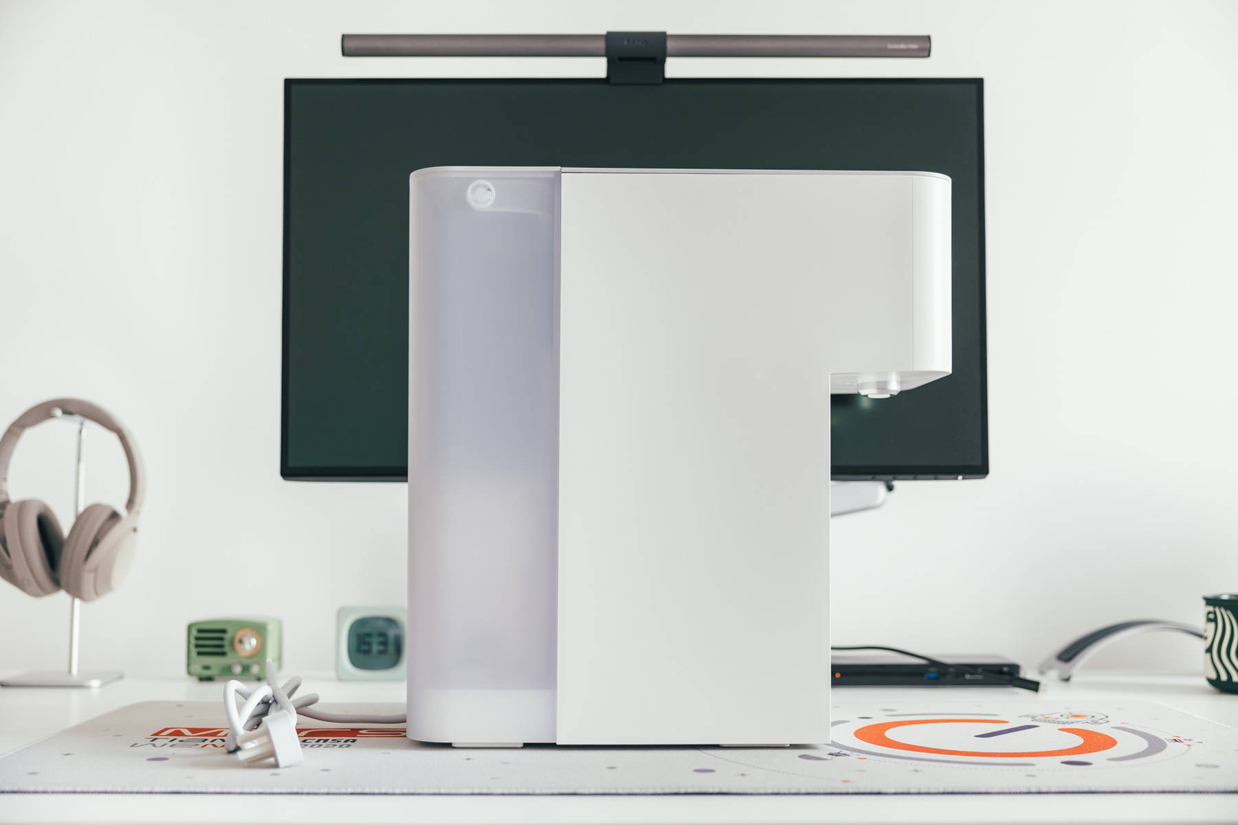 另外和住家不同,工作室并没有安装净水器,所以饮水方面还单独准备了小米台式净饮机,可以直接RO反渗透过滤自来水并直接加热,会非常方便。
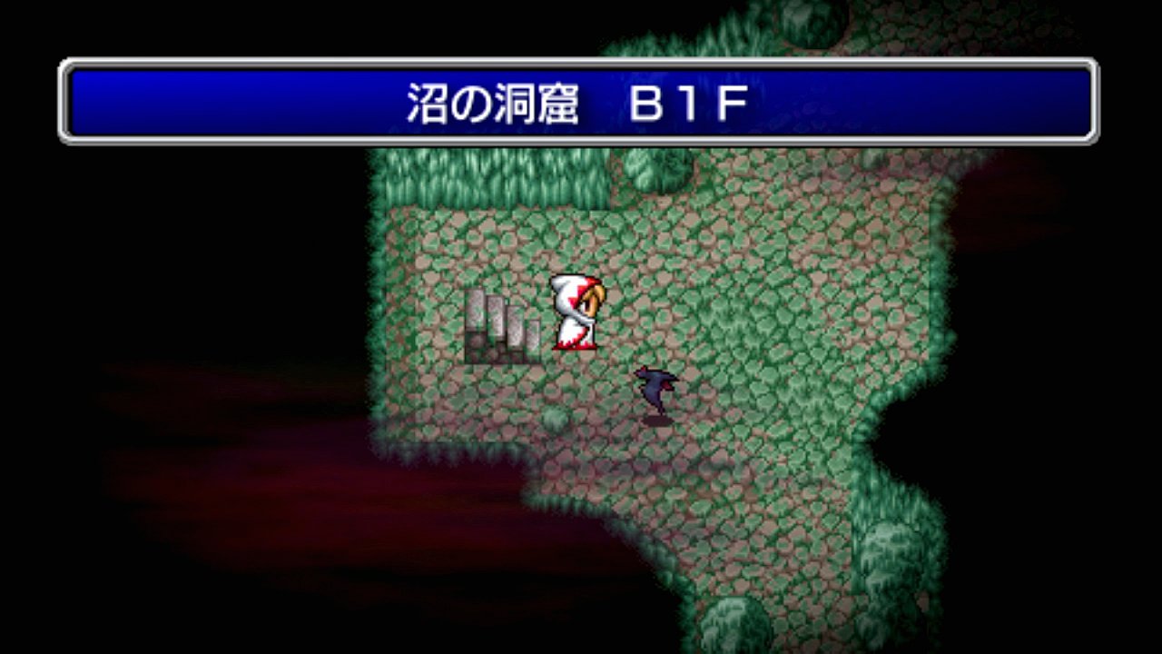 さて。沼の洞窟でも、基本的には、GBA版以降にてどこでもセーブが可能となったため、セーブ&リセット法により、ノーエンカウントで進んでいける。そして、ダンジョン内は広大だが、ワールドマップ等と比べてエンカウント率は低めとなっており、そこまで攻略に支障を感じることもない。
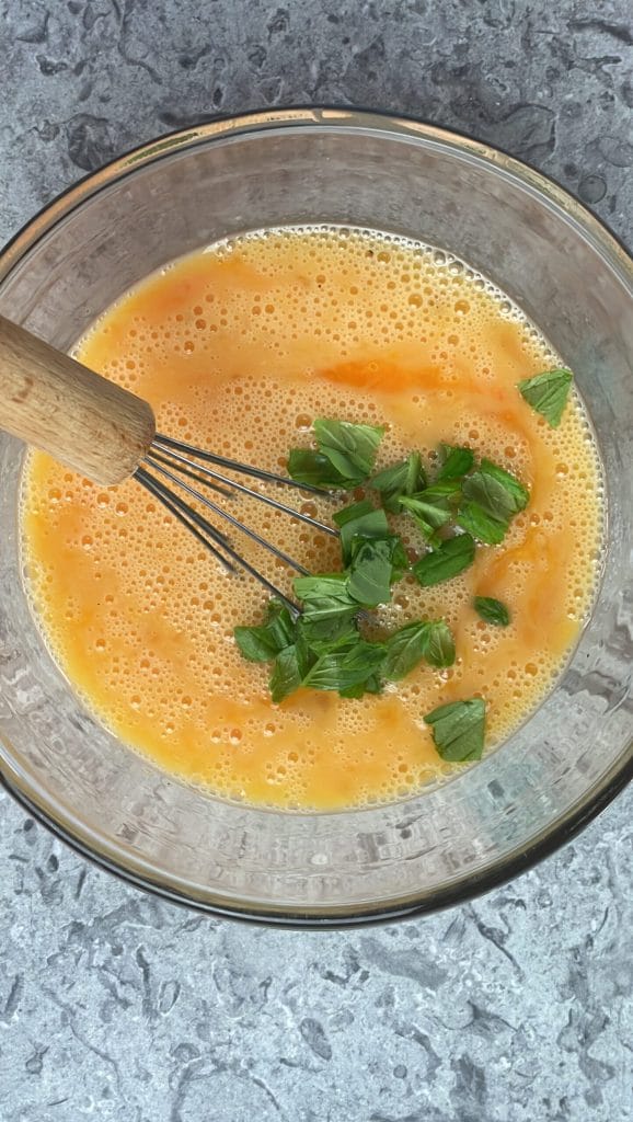 Añade si quieres algunas hojas de albahaca fresca.Calienta en la sartén el aceite de oliva virgen extra con una nuez de mantequilla.

▸ Exercise instructions
Drop the pictures and copy the data exactly.

▸ Finished task
 另外和住家不同,工作室并没有安装净水器,所以饮水方面还单独准备了小米台式净饮机,可以直接RO反渗透过滤自来水并直接加热,会非常方便。
 さて。沼の洞窟でも、基本的には、GBA版以降にてどこでもセーブが可能となったため、セーブ&リセット法により、ノーエンカウントで進んでいける。そして、ダンジョン内は広大だが、ワールドマップ等と比べてエンカウント率は低めとなっており、そこまで攻略に支障を感じることもない。
 Añade si quieres algunas hojas de albahaca fresca.Calienta en la sartén el aceite de oliva virgen extra con una nuez de mantequilla.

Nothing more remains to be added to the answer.